Despite stating that Dubai-based investment firm KBC Aldini Capital Ltd was one of the major backers behind the multibillion proposal, KBC CEO Kalani Lal told the media that he had “no involvement” in the deal, and had never even heard of Amaya. But despite a complaint filed by KBC to the SEC, the US securities regulator, Baazov resubmitted his offer without the UAE company’s name attached to it.

Deal Him Out

Following this, Baazov was in court on December 13 to answer more questions about allegations of insider trading during the time Amaya purchased PokerStars for just over $4 billion. He’s maintained his innocence throughout and, during the most recent hearing, Baazov’s lawyer Sophie Melchers asked for full disclosure from Quebec securities regulators, the Autorité des Marchés Financiers (AMF).

According to Melchers, she wasn’t able to build a proper defense without evidence of the sums of money and payments the AMF believes are linked to the PokerStars deal. But, even with his “administrative hearings” looking as though they won’t reach a conclusion any time soon, Baazov had remained committed to taking control of Amaya.

But now, according to a recent press release, Baazov doesn’t believe it’s worth pursuing the deal any further, as certain shareholders are asking for too much of a premium on the company’s share price.

“The best course of action for me and Amaya would be for me to end my attempt to purchase the company,” said Baazov of the end of the offer.

Not a Price Worth Paying

Although his original offer of $24 per share represented a 30 percent premium on Amaya’s price at the time, SpringOwl Asset Management LLC believes Baazov’s bid is still lower than what it should be. Claiming he is “undervaluing” the company, SpringOwl has essentially put the kibosh on any further talks unless the former CEO can up his offer.

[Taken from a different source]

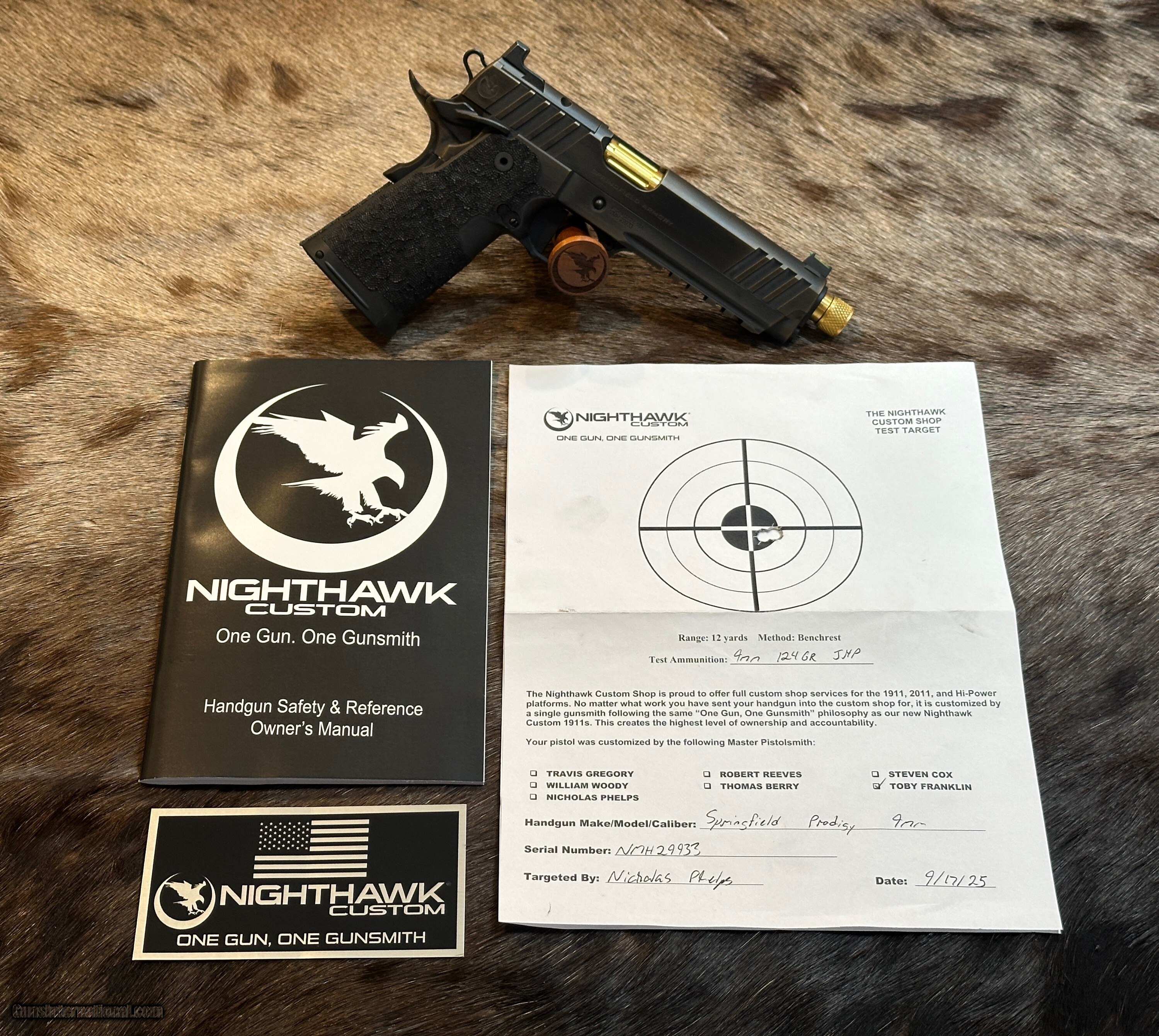 NEW NIGHTHAWK CUSTOM SHOP SPRINGFIELD GOV'T 1911 DS PRODIGY AOS (AGENCY OPTIC SYSTEM) 9MM PISTOL WITH THREADED BARREL AND MANY OTHER UPGRADES - LAYAWAY AVAILABLE

But an increased bid is out of the question, says the ex-CEO,  as his backers aren’t willing to pay any more for the online gaming company. Of course, given that this is Baazov’s second attempt to purchase Amaya, another move in the future is never entirely off the table.

For now, though, Amaya will stay under its current ownership and Baazov will have some more time to focus on his legal issues with the AMF, and very possibly with the Securities and Exchange Commission across the border.